O excesso de depósitos do SVB foi canalizado para a compra de títulos do Tesouro dos EUA e títulos hipotecários garantidos, diante do crescimento abaixo do proporcional dos empréstimos. Algo incomum para o negócio bancário.

Embora os títulos do Tesouro sejam considerados um dos ativos de refúgio seguro por excelência – o risco de inadimplência no vencimento é quase inexistente – o que não quer dizer que a valorização dos títulos não varie ao longo do ciclo econômico com os movimentos das taxas de juros.

Este foi precisamente um dos fatores por trás da falência do SVB. Metade dos seus ativos eram títulos do Tesouro. O rápido aumento das taxas de juros levou a perdas acumuladas de valorização desses ativos de US$ 16 bilhões até setembro de 2022. 

Mas para que essas perdas se materializem, outro fator ganhou importância: o fato de que 90% dos depósitos do SVB excederam o limite de US$ 250.000 cobertos pelo seguro de depósitos.

Diante do acúmulo de perdas de valorização dos ativos que reduziram o suporte e a falta de cobertura dos depósitos em sua maioria não segurados, surgiu o pânico que desencadeou a corrida bancária. A facilidade de retirar fundos eletronicamente acabou precipitando o colapso do banco. Até o dia 9 de março, haviam sido retirados US$ 42 bilhões, quase um quarto do total de depósitos do SVB. Estamos falando de meio milhão de dólares por segundo.

O SVB acabou sofrendo intervenção da Agência Federal de Seguros de Depósitos (FDIC) dos EUA em 10 de março. Para que o pânico não contagiasse outras instituições financeiras, as autoridades agiram de forma rápida e contundente.

Primeiro, foi anunciada a liquidação do Silicon Valley Bank, do Signature e do Silvergate (os três bancos tinham problemas), bem como a transferência dos ativos das instituições para um banco maior. Em segundo lugar, o FDIC e o Departamento do Tesouro dos EUA anunciaram uma medida de exceção por risco sistêmico para cobrir o total de depositantes dos três bancos, incluindo quem realizou depósitos acima de US$ 250.000 não cobertos pelo seguro garantidor. Os depositantes foram totalmente segurados, mas não os acionistas dos bancos. Em terceiro lugar, o FED ofereceu um programa de financiamento a todos os bancos que enfrentem problemas de liquidez com linhas de crédito pelo valor nominal dos seus títulos. O FED também se ofereceu para estender a liquidez do dólar no mundo todo por meio de linhas de swap.  

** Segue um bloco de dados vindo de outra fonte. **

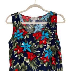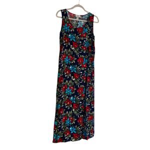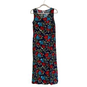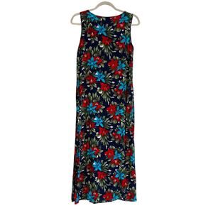 Vintage 80s Blue Red Hawaiian Floral Flowing Rayon Sheath Sundress Size Medium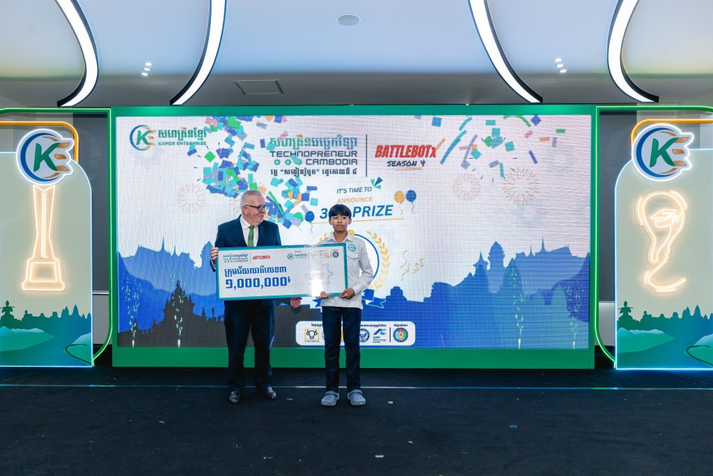 Awards in the Technopreneur, Program “Battlebotx” Season 4, organized by Khmer Enterprise to help foster entrepreneurial mindset and innovation in the field of technology.”

As medidas conseguiram devolver uma relativa calma aos mercados, o que ajudou o FED e o Banco Central Europeu a manterem o ciclo de altas das taxas de juros nas semanas após o episódio.   

Qual foi o papel da regulação e da supervisão nisso tudo? Supõe-se que a regulação deveria tornar os bancos mais resilientes ao ciclo de crédito, evitando riscos excessivos durante as fases expansionistas e forçando os bancos a manter níveis de liquidez adequados para lidar com situações de estresse. 

Após a crise financeira de 2008-2009, os Estados Unidos aprovaram padrões de empréstimos mais rigorosos para os bancos com a lei Dodd-Frank. Estão incluídas a adoção dos critérios do Basileia III e a criação do conceito de "banco sistêmico", aos quais seriam aplicados testes de estresse. 

Como resultado, os grandes bancos dos EUA estão melhor capitalizados e têm maiores reservas de liquidez hoje do que antes da crise financeira de 2008. Assim, as maiores instituições resistiram à turbulência sem grandes atritos.  

Mas esse não é o caso em todo o sistema bancário. Em 2018, a regulação cautelar dos bancos médios e pequenos foi flexibilizada. Três bancos faliram nessa categoria em março. Cada um por conta de problemas idiossincráticos. 

 No caso do SVB, a gestão inadequada do risco de taxa de juros (e a ausência de um responsável pelo risco durante mais de um ano serviu como um agravante). O Signature e o Silvergate estavam muito expostos à volatilidade e ao risco das criptomoedas. Ainda há uma incerteza quanto à vulnerabilidade do resto dos bancos a problemas de liquidez e solvência, o que pode desencadear uma crise sistêmica. 

Por exemplo, embora seja alta, a liquidez do sistema bancário é distribuída de forma assimétrica. Há migrações de depósitos de bancos de médio porte para grandes bancos. Por isso, o risco de novas crises de liquidez em outras instituições bancárias é latente.  

Também há preocupações do outro lado do Atlântico. A venda forçada do Credit Suisse para o rival UBS seguiu uma forte corrida de depósitos na esteira da crise dos EUA. No entanto, o Credit Suisse vinha arrastando problemas e soando alarmes mesmo diante da materialização do risco da taxa de juros.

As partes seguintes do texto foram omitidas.